Data below –
--
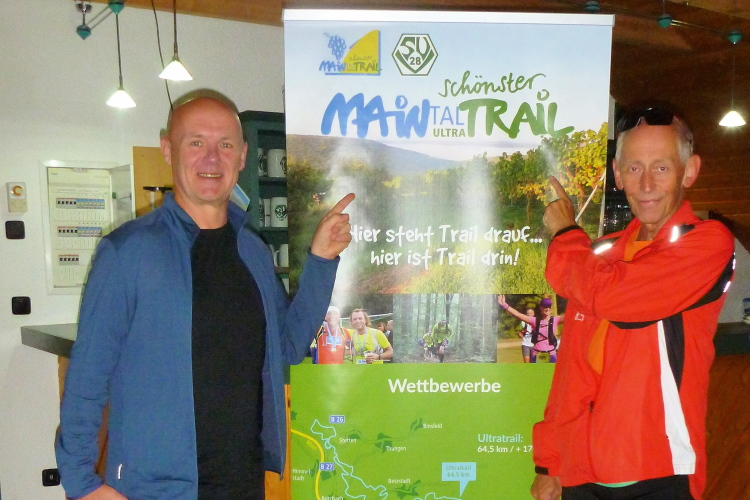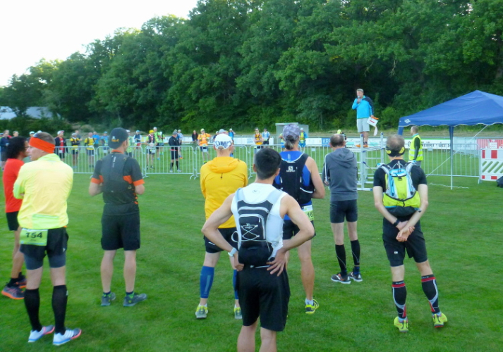 Gegen 06.15 Uhr stehe ich dann auf dem Sportplatz, wo noch die letzten Arbeiten im Gange sind. Wir erhalten gegen eine kleine Spende Kaffee und ein Hörnchen. In einer Garage kann die Bekleidung abgegeben werden, diese wird auch bewacht. Wer mag, hätte auch auf dem Sportplatz campen können, Einige Trailläufer haben in ihren Autos oder Kombis übernachtet. Ich bin gerade mit meinem Frühstück fertig, da bittet Thomas zum Briefing. Wir erhalten Informationen zur Ausschilderung und zu den Besonderheiten der Strecke, sowie noch weitere nützliche Tipps. Ja, der Thomas kennt die Strecke wie aus dem Effeff, denn er wohnt in Güntersleben und ist auch Läufer.
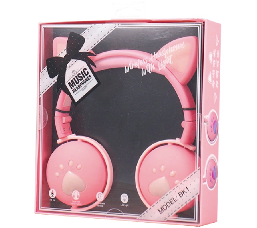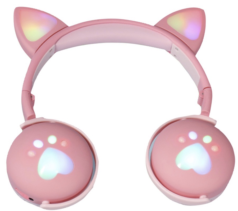 Audifono Diadema Inalámbrica EVA-Y BK1 Bluetooth, Orejas de Gato Rosa/Gris
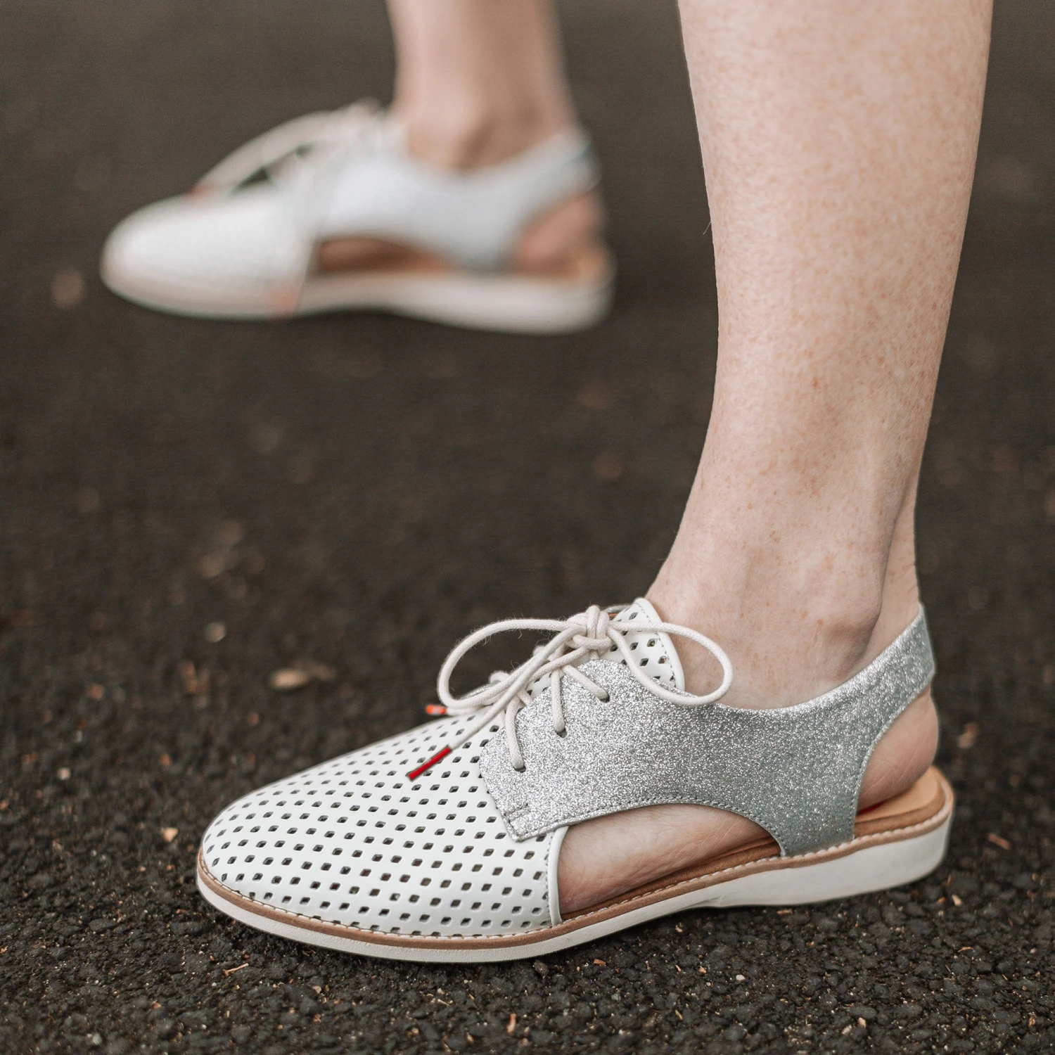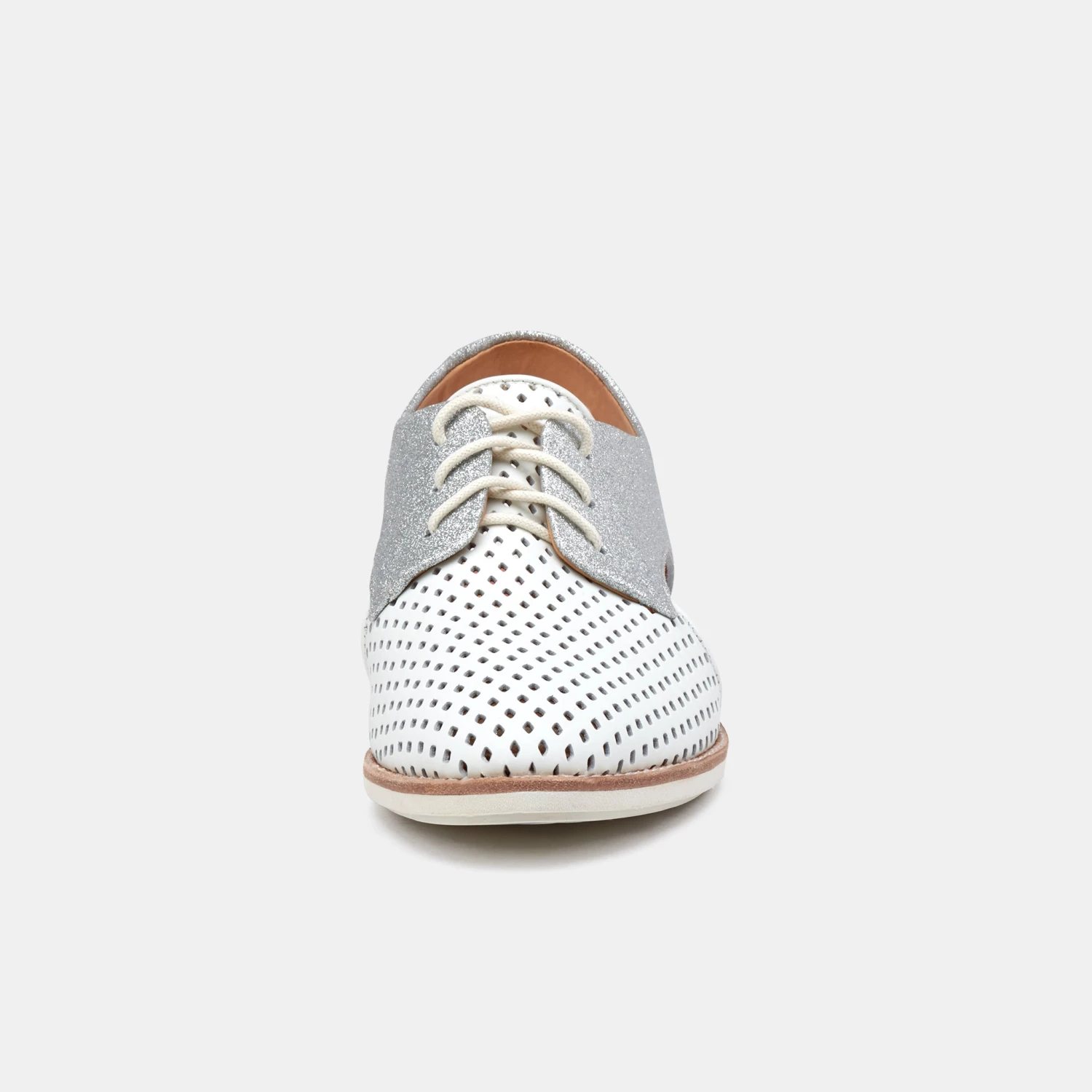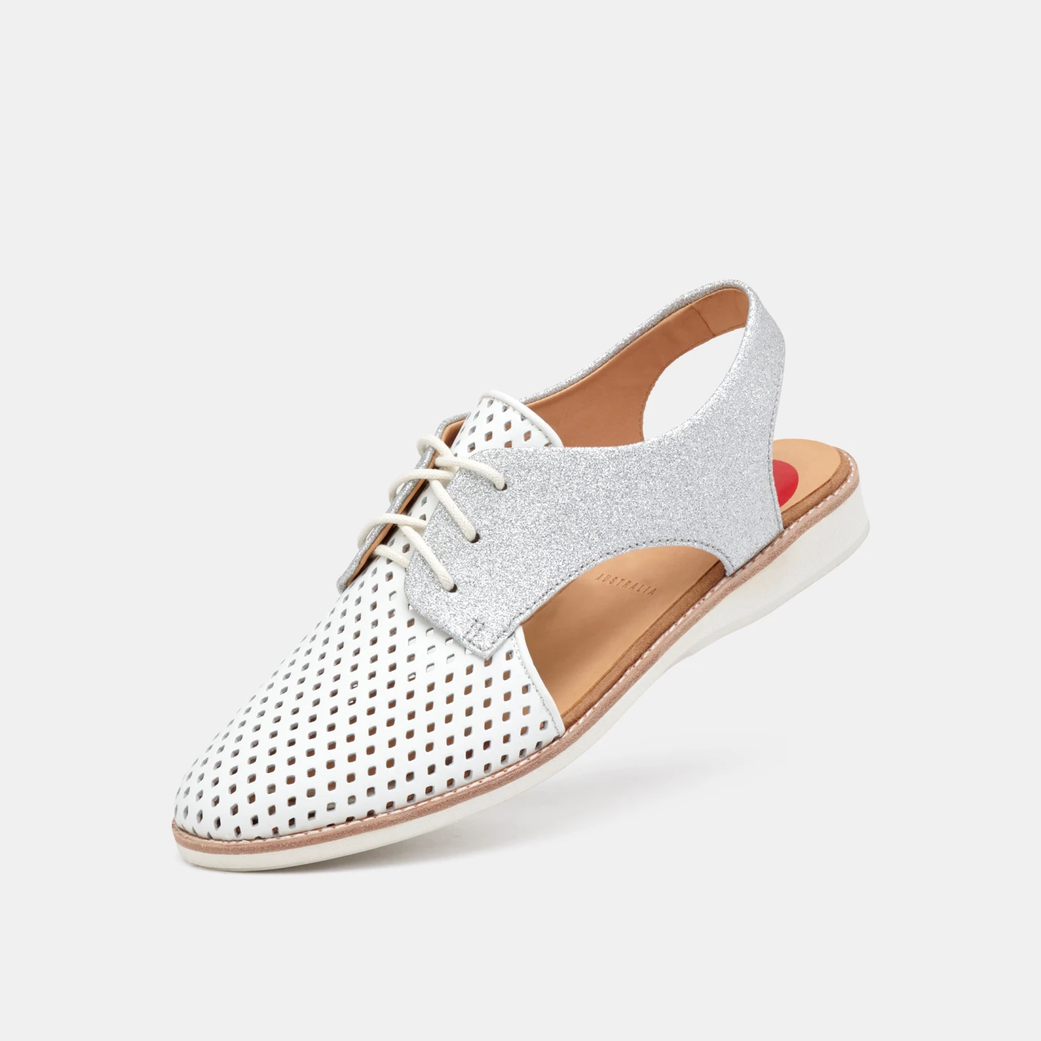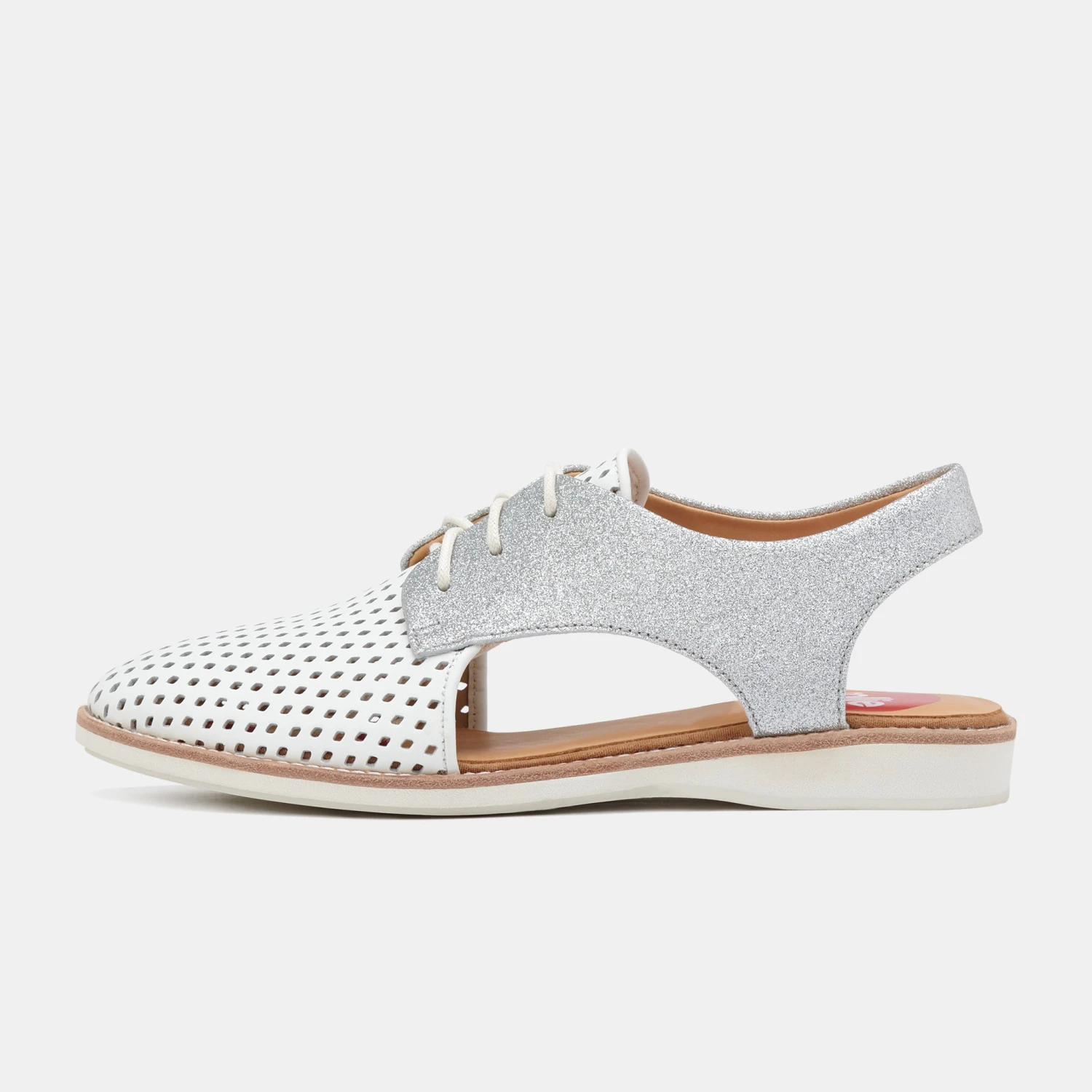 - Soft white and silver glitter leather upper that moulds to your foot from first wear
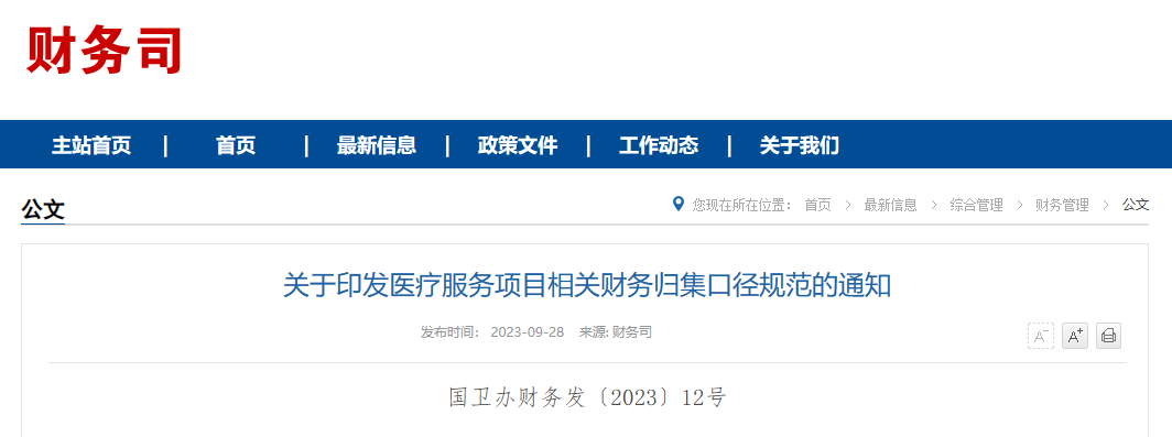關(guān)于印發(fā)醫(yī)療服務(wù)項(xiàng)目相關(guān)財(cái)務(wù)歸集口徑規(guī)范的通知
--
Activity – Above is a listing with pictures. Write it out exactly without them.

Answer –
 Gegen 06.15 Uhr stehe ich dann auf dem Sportplatz, wo noch die letzten Arbeiten im Gange sind. Wir erhalten gegen eine kleine Spende Kaffee und ein Hörnchen. In einer Garage kann die Bekleidung abgegeben werden, diese wird auch bewacht. Wer mag, hätte auch auf dem Sportplatz campen können, Einige Trailläufer haben in ihren Autos oder Kombis übernachtet. Ich bin gerade mit meinem Frühstück fertig, da bittet Thomas zum Briefing. Wir erhalten Informationen zur Ausschilderung und zu den Besonderheiten der Strecke, sowie noch weitere nützliche Tipps. Ja, der Thomas kennt die Strecke wie aus dem Effeff, denn er wohnt in Güntersleben und ist auch Läufer.
 Audifono Diadema Inalámbrica EVA-Y BK1 Bluetooth, Orejas de Gato Rosa/Gris
 - Soft white and silver glitter leather upper that moulds to your foot from first wear
關(guān)于印發(fā)醫(yī)療服務(wù)項(xiàng)目相關(guān)財(cái)務(wù)歸集口徑規(guī)范的通知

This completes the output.